→ **DATA TO PROCESS**
»»
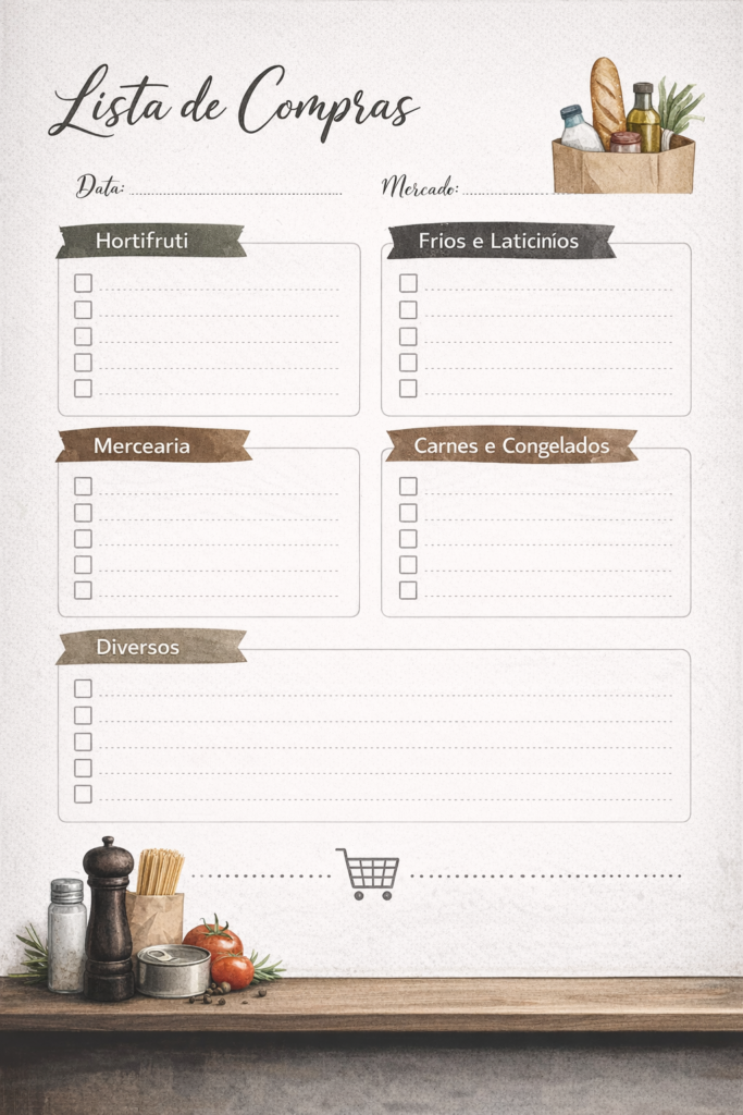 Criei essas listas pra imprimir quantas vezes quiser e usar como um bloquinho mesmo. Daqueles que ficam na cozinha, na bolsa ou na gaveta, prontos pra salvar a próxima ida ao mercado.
««
»»
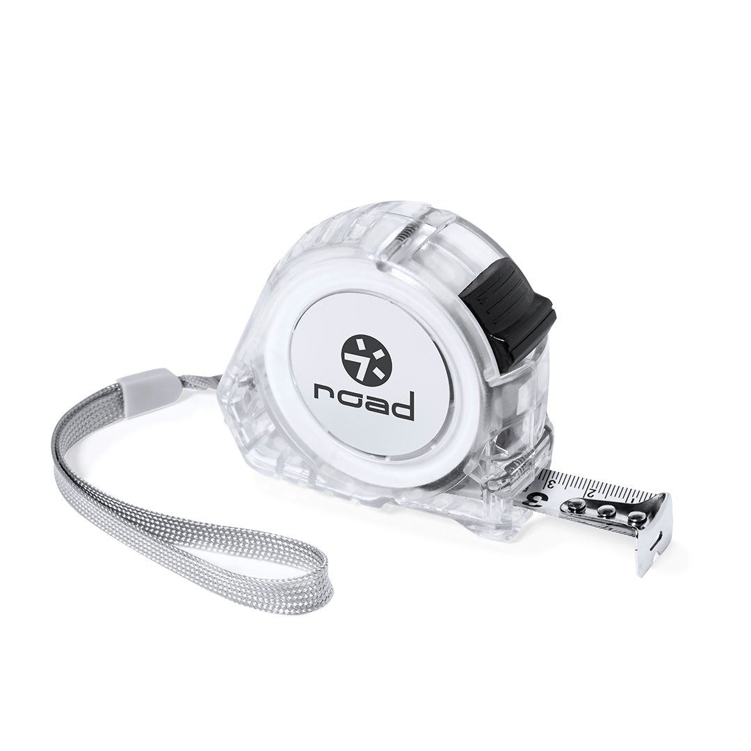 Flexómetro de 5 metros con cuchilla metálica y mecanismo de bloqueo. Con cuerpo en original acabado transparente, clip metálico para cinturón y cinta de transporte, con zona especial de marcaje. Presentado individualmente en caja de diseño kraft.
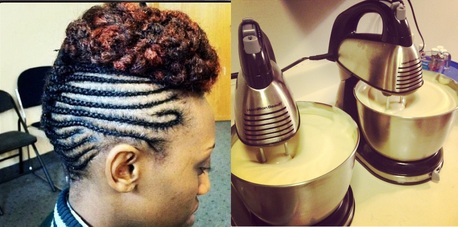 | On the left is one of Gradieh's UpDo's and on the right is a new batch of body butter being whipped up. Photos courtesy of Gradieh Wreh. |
««
→ **WORK ITEM**
Copy exactly the material above from the line with "Flexómetro de 5" to the line with "Gradieh Wreh. |", ends included, and nothing else. Leave out any picture.

→ **SOLUTION BELOW**
 Flexómetro de 5 metros con cuchilla metálica y mecanismo de bloqueo. Con cuerpo en original acabado transparente, clip metálico para cinturón y cinta de transporte, con zona especial de marcaje. Presentado individualmente en caja de diseño kraft.
 | On the left is one of Gradieh's UpDo's and on the right is a new batch of body butter being whipped up. Photos courtesy of Gradieh Wreh. |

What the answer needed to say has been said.